37 A na świtaniu, gdy strawił wino Nabal, powiedziała mu żona jego te słowa, i obumarło serce jego wewnątrz, i stał się jako kamień.
38 A gdy minęło dziesięć dni, zabił Pan Nabala, i umarł.
39 Co gdy usłyszał Dawid, że umarł Nabal, rzekł: Błogosławiony Pan, który osądził sprawę zelżywości mojéj z ręki Nabalowéj, a sługę swego uchował ode złego, a złość Nabalowę oddał Pan na głowę jego.
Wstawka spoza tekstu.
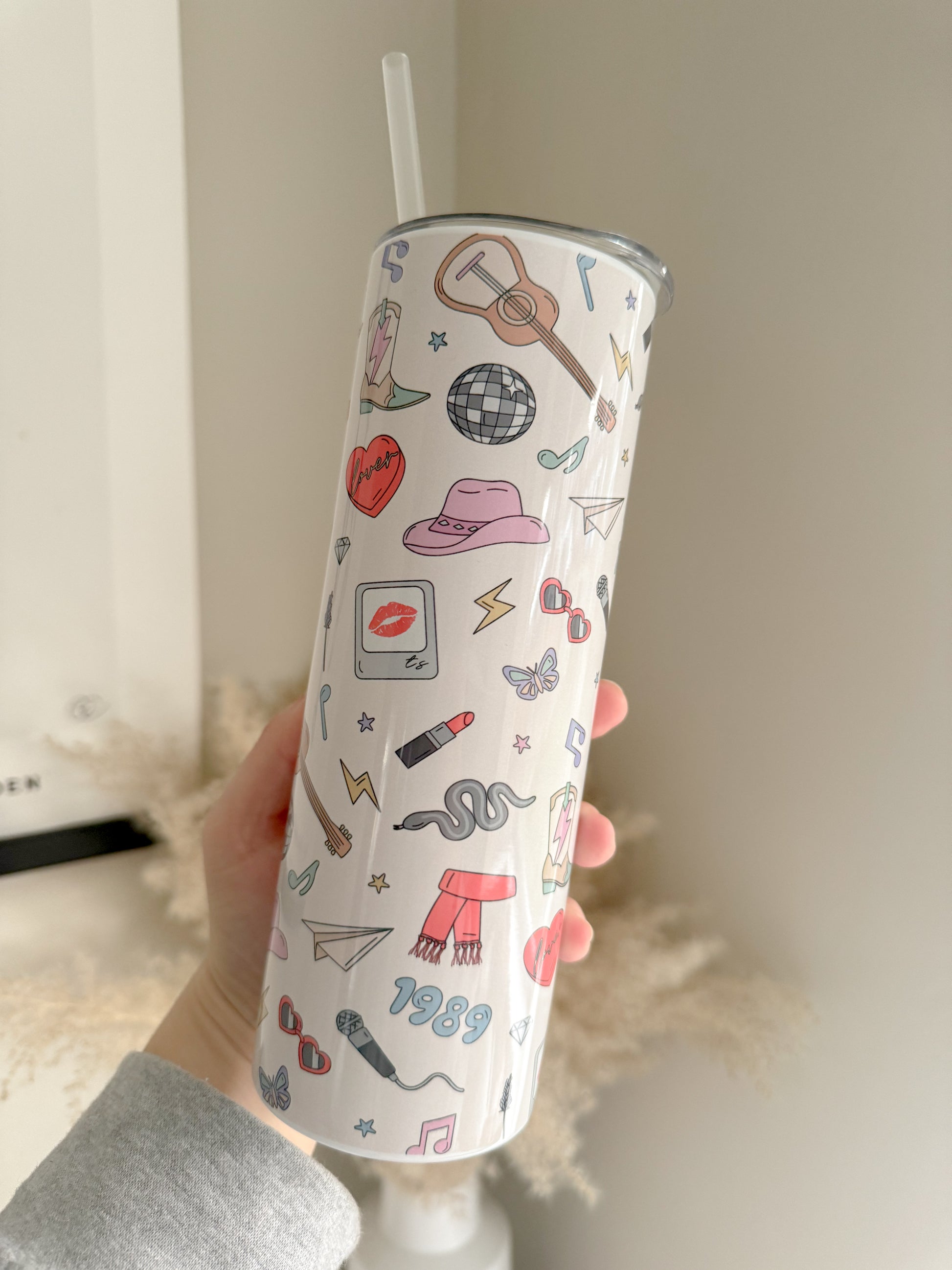 For all the Swifties out there, get your very own Swiftie Eras Inspired 20ozm Stainless Steel tumbler. Featuring a range of references from some of the most iconic Swiftie songs!

Posłał tedy Dawid i mówił do Abigail, żeby ją, wziął sobie za żonę.
40 I przyszli słudzy Dawidowi do Abigail do Karmela, i mówili do niéj, rzekąc: Dawid posłał nas do ciebie, aby cię wziął sobie za żonę.
41 Która powstawszy pokłoniła się obliczem do ziemie i rzekła: Oto służebnica twoja niechaj będzie sługą, aby umywała nogi sług Pana mego.
42 I pośpieszyła się Abigail i wsiadła na osła, i pięć panien jéj służebnych poszły z nią, i jechała za posłańcy Dawidowymi i była żoną jego.
43 Ale i Achinoam wziął Dawid z Izraela: i były obie żonami jego.
44 A Saul dał Michol, córkę swą, żonę Dawidowę, Phaltemu, synowi Lais, który był z Gallim.
- ↑ Eccl. 46, 23. ( Błąd w druku; odsyłacz do Księgi Mądrości Syracha, nie występującej w tym wydaniu Biblii.)